Several of the reports of the recently-concluded NoSQL Live event mentioned that I took a contrarian position on the "NoSQL in the Cloud" panel, arguing that traditional, bare metal servers usually make more sense. Here's why.
There are two reasons to use cloud infrastructure (and by cloud I mean here "commodity VMs such as those provided by Rackspace Cloud Servers or Amazon EC2):
- You only need a fraction of the capacity of a single machine
- Your demand is highly elastic; you want to be able to quickly spin up many new instances, then drop them when you are done
When capacity only grows in one direction it makes less sense to pay a premium for the flexibility of being able to reduce your capacity nearly instantly, especially when you also get reduced I/O performance (the most common bottleneck for databases) in the bargain because of the virtualization layer. That's why, despite working for a cloud provider, I don't think it's always a good fit for databases. (It doesn't hurt that Rackspace also offers classic bare metal hosting in the same data centers, so you can have the best of both worlds.)
Comments
Seems that NoSQL on top of VMs to auto scale to handle more requests to the DB (ignore storage, just requests) could be smart for scalability.

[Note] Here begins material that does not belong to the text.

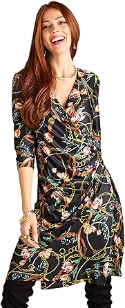 Black Tulip And Chain Print Wrap Dress black tulip dress uk

So it's generally better to just try to keep enough capacity for peak load.
I think the primary utility of starting on a cloud instance is so that the price scaling which is rather appealing with Cassandra goes down without requiring a hefty starting price point. Sure its no big deal to buy a few dedicated machines for most companies, but for side-projects that "might be something big one-day", it's nice to start with something cheaper.
That way one can design for the future without having to fully pay for it until its actually needed. :)
What are your views on database scaling on platforms like SliceHost, Linnode etc.?
What does this say for cloud applications today? Well, basically, Amazon.com is an excellent example of such. Amazon.com is a massive mostly-static database. Once you deploy the database to a cloud node, updating the database requires significantly less bandwidth, and replicating database updates back to Amazon Corporate HQ similarly takes relatively little bandwidth. In short, the big difference today is that we're exposing data *to customers*, and once you start doing that, it makes sense to put a copy of the data being served to customers close to the program that's doing the serving to customers, and it also makes sense to put the program doing the serving to customers out in "the cloud" close to where the customers are. This does not, however, mean that all data can live out in the cloud. Even Amazon.com likely doesn't do that -- you can bet that their corporate crown jewels are well hidden inside corporate HQ, and all massive data processing needed for data mining etc. is being run on their local copy of the data, not on data that's out in the cloud.